FIG. 2 is a block diagram illustrating an outline of torque demand control of the direct injection engine;

FIG. 3A is a block diagram illustrating a function of a homogeneous combustion mode control unit, and FIG. 3B is a block diagram illustrating a function of a stratified combustion mode control unit;

FIG. 4 is a diagram showing an example of a map of ignition timing efficiency using an ignition retard amount as a parameter;

FIG. 5 is a diagram showing an example of an air-fuel ratio efficiency map using a target air-fuel ratio as a parameter;

FIG. 6 is a flowchart illustrating an outline of torque demand control of a direct injection engine (part 1);

FIG. 7 is a flowchart for explaining the outline of torque demand control of the direct injection engine (part 2);

[Explanation of symbols]

11. In-cylinder injection engine (in-cylinder injection internal combustion engine), 1
2 ... intake pipe, 13 ... air flow meter, 15 ... throttle valve, 16 ... ECU (torque fluctuation suppressing means) 18 ...
Intake pressure sensor, 21: fuel injection valve, 25: spark plug,
33 ... crankshaft, 34 ... external load, 36 ... exhaust pipe, 4
0: EGR valve, 41: accelerator sensor, 51: required indicated torque calculating means, 52: combustion mode switching means, 53
... homogenous combustion mode control means, 54 ... stratified combustion mode control means, 55 ... target air-fuel ratio setting means, 56, 57 ... torque efficiency correction means (torque fluctuation suppression means).

 ──────────────────────────────────────────────────続 き Continued on front page F term (reference) 3G022 AA07 AA09 AA10 DA02 EA07 FA06 GA05 GA06 GA07 GA08 GA17 GA19 3G084 AA04 BA05 BA06 BA09 BA13 BA17 BA20 DA11 DA12 EB09 FA05 FA07 FA10 FA11 FA18 FA19 FA26 FA33 3G301 HA01 HA04 HA18 JA04 LA00 LA01 MA11 NC04 NE01 NE06 NE12 PA01Z PA07Z PA11Z PD02Z PE01Z PF01Z PF03Z PF11Z PF12Z PF13Z PF14Z

Claims (3)

[Claims] An internal combustion engine control device that determines a required torque required by a driver and controls the operation of the internal combustion engine based on the required torque.

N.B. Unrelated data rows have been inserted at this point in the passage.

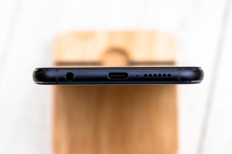 下方為 3.5mm 耳麥孔、USB Type-C 連接埠、降噪麥克風以及喇叭孔(雙喇叭設計)。
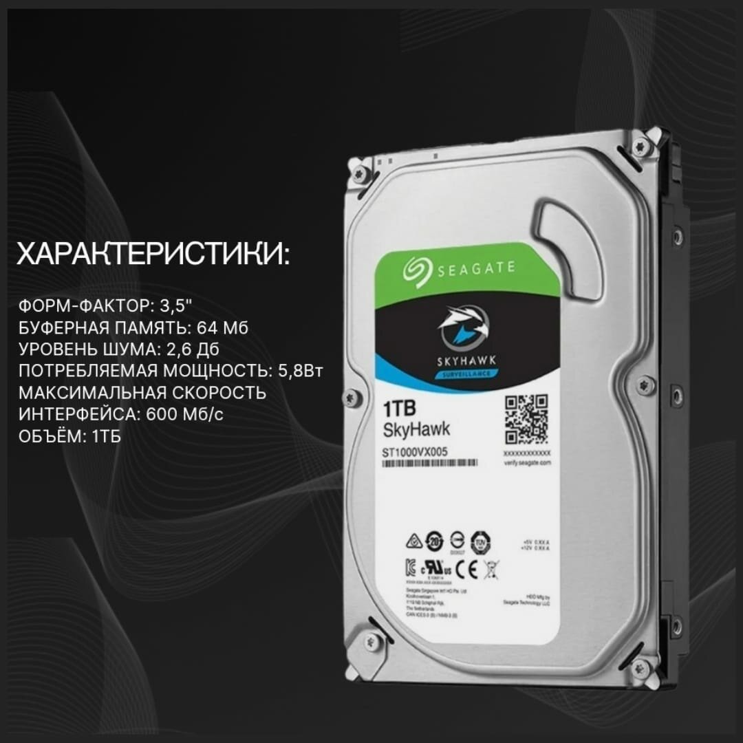 HDD Seagate SkyHawk ST1000VX000, 1ТБ, 3,5", 7200RPM, 64MB интересное:
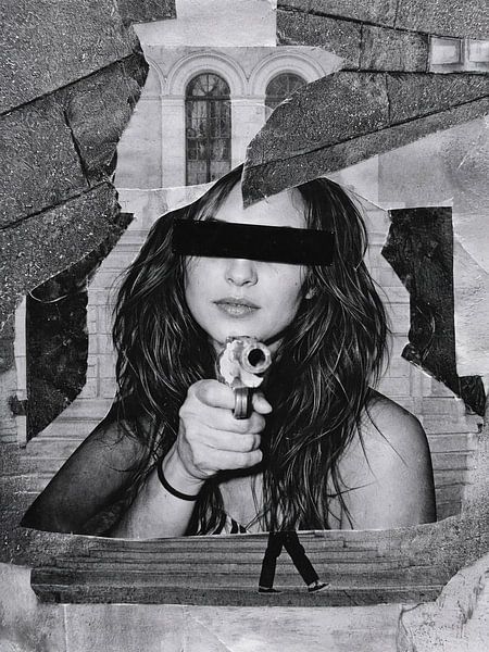 Aim Back is a raw and confrontational artwork that captures the tension and mindset of the street in a single powerful image. In this black-and-white collage, a female figure is depicted head-on, holding a weapon aimed directly at the viewer. The black bar across her eyes strips her of her identity, yet simultaneously reinforces her…
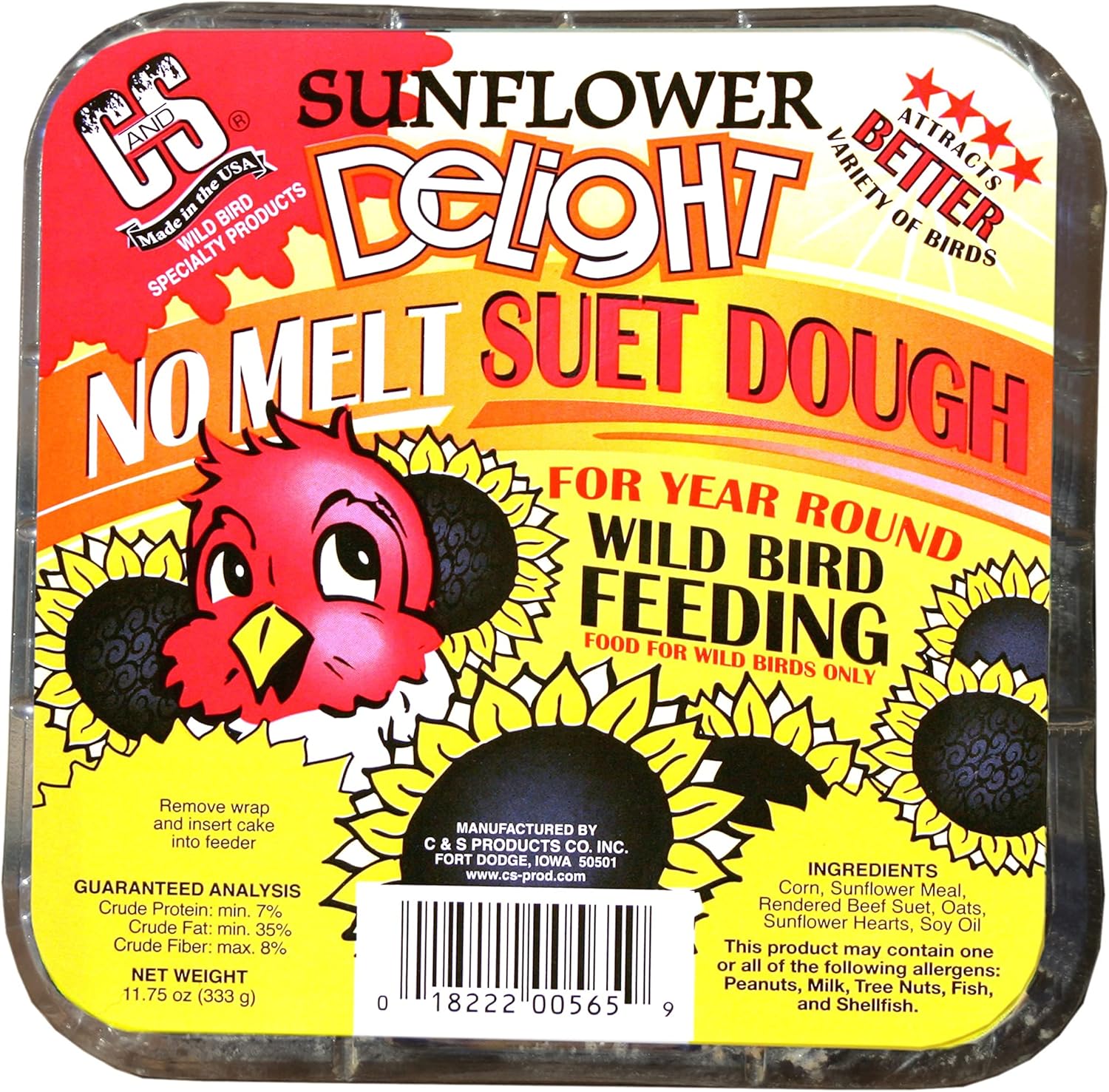 C&S Sunflower Delight No Melt Suet Dough Single Packs, 11.75 oz

When the control parameter is adjusted, the amount of torque fluctuation due to the adjustment amount is converted into the amount of change in the control parameter that has not been involved in the adjustment, and the torque fluctuation is suppressed by changing the control parameter by the amount of change. A control device for an internal combustion engine, comprising a torque fluctuation suppressing means. 2. A stratified combustion mode in which fuel is injected into a cylinder in a compression stroke to perform stratified combustion, and a homogeneous combustion mode in which fuel is injected into a cylinder in an intake stroke to perform homogeneous combustion is switched according to an operation state. The torque fluctuation suppression means is applied to a direct injection type internal combustion engine, wherein the torque fluctuation caused by a change in a control parameter adjusted to maintain a stable combustion state before and after the combustion mode switching is changed in the stratified combustion mode. The control device for an internal combustion engine according to claim 1, wherein the control is performed by correcting the fuel amount, and in the homogeneous combustion mode, the control is performed by correcting the air amount and / or the ignition timing. 3. In the stratified combustion mode, the torque fluctuation suppressing means corrects the fuel amount by correcting the required torque when converting the required torque into a fuel amount, and converts the required torque into an air amount in the homogeneous combustion mode. 3. The control device for an internal combustion engine according to claim 2, wherein the air amount is corrected by correcting the required torque when converting the torque into the control value.